Furthermore, the days of errors being all about fatal crashes and blue screens are largely behind us, and much of what happens in your LAN can only really be dealt with once you have more than just one dialog box's worth of data about it. Lastly, the Event Viewer is a bit of a desert island: not every application uses it, and not every error-reporting collector analyses what happens inside it (plus, those little boxes like routers, print spoolers and firewalls don't speak Event Viewer anyway).
This brings us neatly to the subject at hand here. You're probably already running more than four or five services (for example, a firewall, an email server, and some dedicated single-purpose black boxes like NAS storage or proxy servers), and all of them have moved on from failing every week to sitting in the midst of a stream of traffic that you need to analyse over a period of time. In the case of a set of servers monitored by an IT professional in an outsourced support relationship, this can be over a very long period of time.

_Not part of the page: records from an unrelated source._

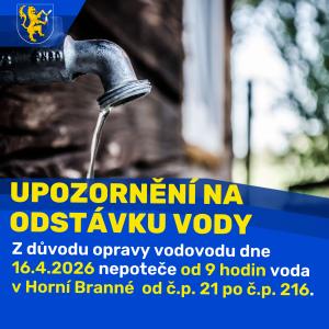 Z důvody rekonstrukce vodovodního řadu bude ve čtvrtek 16.4.2026 v části obce Horní Branná provedena odstávka pitné vody.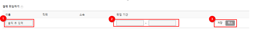 ① 클릭 후 결재 위임할 임직원의 이름을 입력합니다.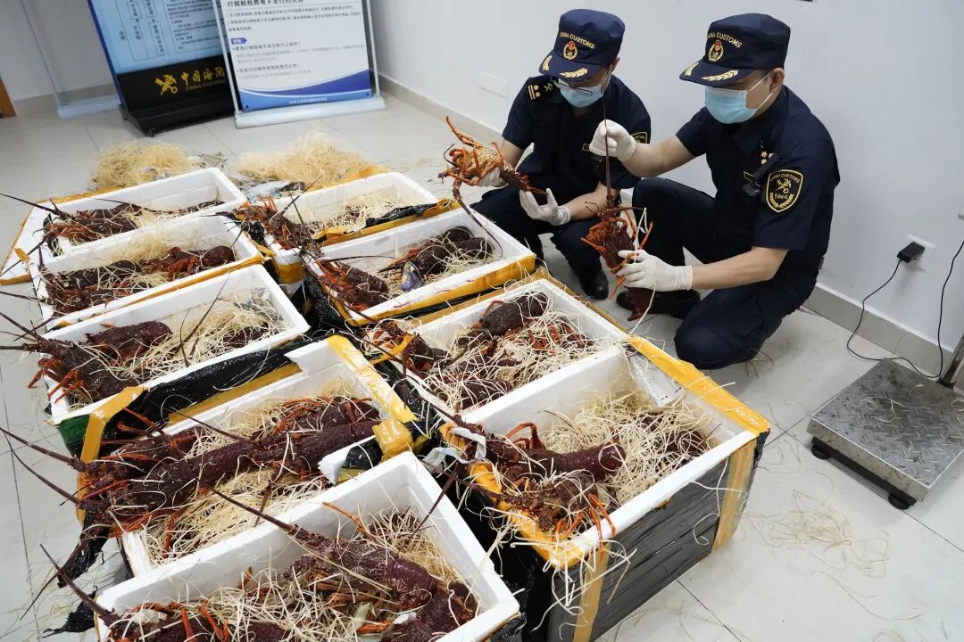 此非孤例,前不久,厦门机场海关对入境航班行李进行监管时,发现一名旅客携带的密封泡沫箱X光机图像异常,箱内疑似装有活体海鲜。经开箱检查,关员发现箱内有6只活蹦乱跳的鲜活大龙虾,净重5.8千克。随后,该关依法将该批龙虾扣留送检。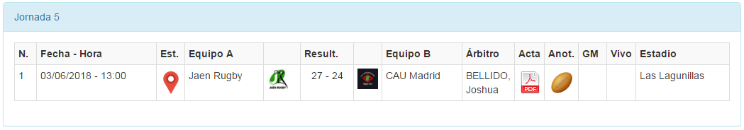 Por último, la final por ascender al Grupo C de DHB tuvo el resultado más parejo de los choques de ida: 27-24 para el Jaén Rugby. La alternancia en el dominio del juego fue una constante y ello se vio reflejado en el marcador. No en vano, se dieron hasta cuatro cambios de liderazgo en el mismo. Los locales consiguieron irse al descanso por delante gracias a un inicio muy sólido, un acierto extraordinario en los últimos metros y una defensa muy bien plantada. A pesar de ello, el CAU Metropolitano nunca se vino abajo y trató de contestar todos y cada uno de los golpes jienenses. Si bien el primer tercio del partido fue ligeramente dominado por los locales, y el central por los visitantes, la igualdad fue imperante durante los últimos 15 minutos. Finalmente, Jaén Rugby se llevó la ventaja en el tanteo y los madrileños sobrevivieron a una prueba muy dura fuera de casa y a la expulsión definitiva en el minuto 67.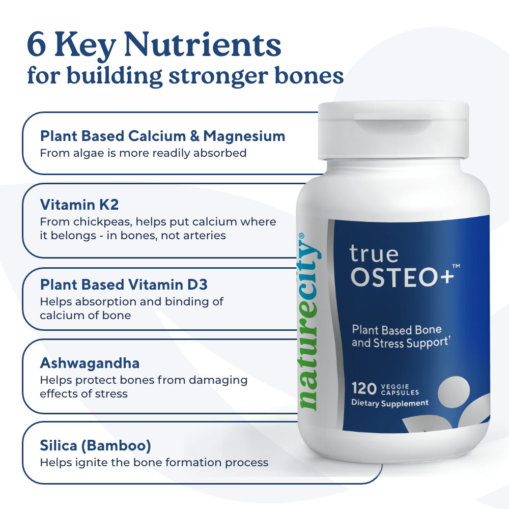 To help ignite the bone formation process, your body uses the mineral silica – which works to attract calcium to bones, resulting in harder, denser bones. TrueOsteo+ includes organic silica from bamboo shoots to energize healthy bone building.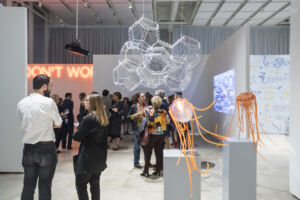 Completato in soli 9 mesi, si tratta di una teca in policarbonato di circa 20 x 30 metri, alta 8 metri e priva di partizioni all’interno, per consentire la massima libertà di utilizzo. Il padiglione, interamente bianco e diafano, ad esclusione della copertura, riceve la luce diurna così come cede quella degli eventi serali, contribuendo a vivacizzare il contesto periferico ove l’intero Opificio è incastonato senza però lasciarvisi condizionare, perchè l’ampio volume è sì permeabile alla luce ma non alla visione, dimodoché la sola concentrazione possibile è quella sulle esposizioni. Ogni altro elemento è lineare, semplice e bianco, per sfuggire ad ogni appariscenza e continuare a catalizzare l’attenzione dei visitatori sul contenuto e non sul contenitore, destinato a vedere la rotazione delle mostre e delle collezioni, a partire da quella di Marino Golinelli, tra i più importanti estimatori di arte contemporanea. E, in linea con il sogno di Golinelli (e anche con un Paese che ha davvero bisogno di proiezioni positive), il padiglione è stato inaugurato con la mostra “Imprevedibile-Essere pronti per il futuro senza sapere come sarà”, intreccio di arte e scienza per promuovere del futuro un’intuizione, ma soprattutto un’immagine incoraggiante, come suggerisce la scritta al neon che accompagna all’uscita, “Don’t worry”, opera di Martin Creed (Work no. 2833 – 2017).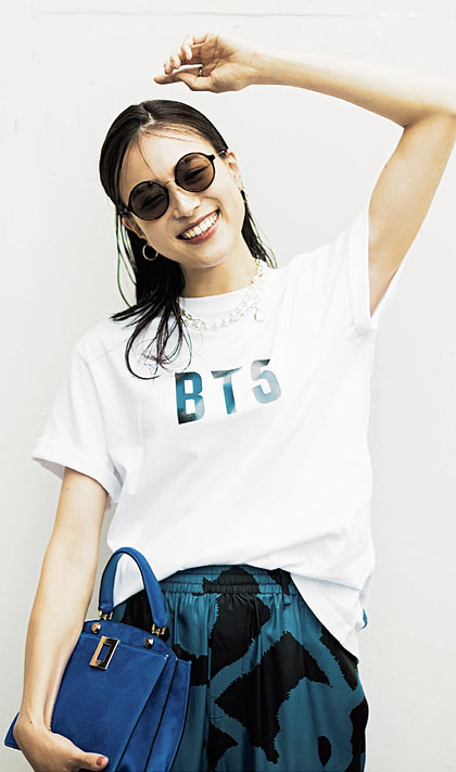落ち着いたくすみブルーが、白Tでは出せない大人な雰囲気。フェミニンな花柄スカートを、ハンサムな黒サングラスがピリッと大人めに引き締める。

This is where, in smaller networks, Syslog comes into its own. It's another one of those 30-year-old monsters that has its own internal logic, and a rich variety of impenetrable customs and standards that have to be unearthed in order to be useful. Despite an early start at the turn of the 1980s for the utility, the IETF (Internet Engineering Task Force) has only recently, in 2005, attempted to hold the chaos of different Syslog formats to some form of standard.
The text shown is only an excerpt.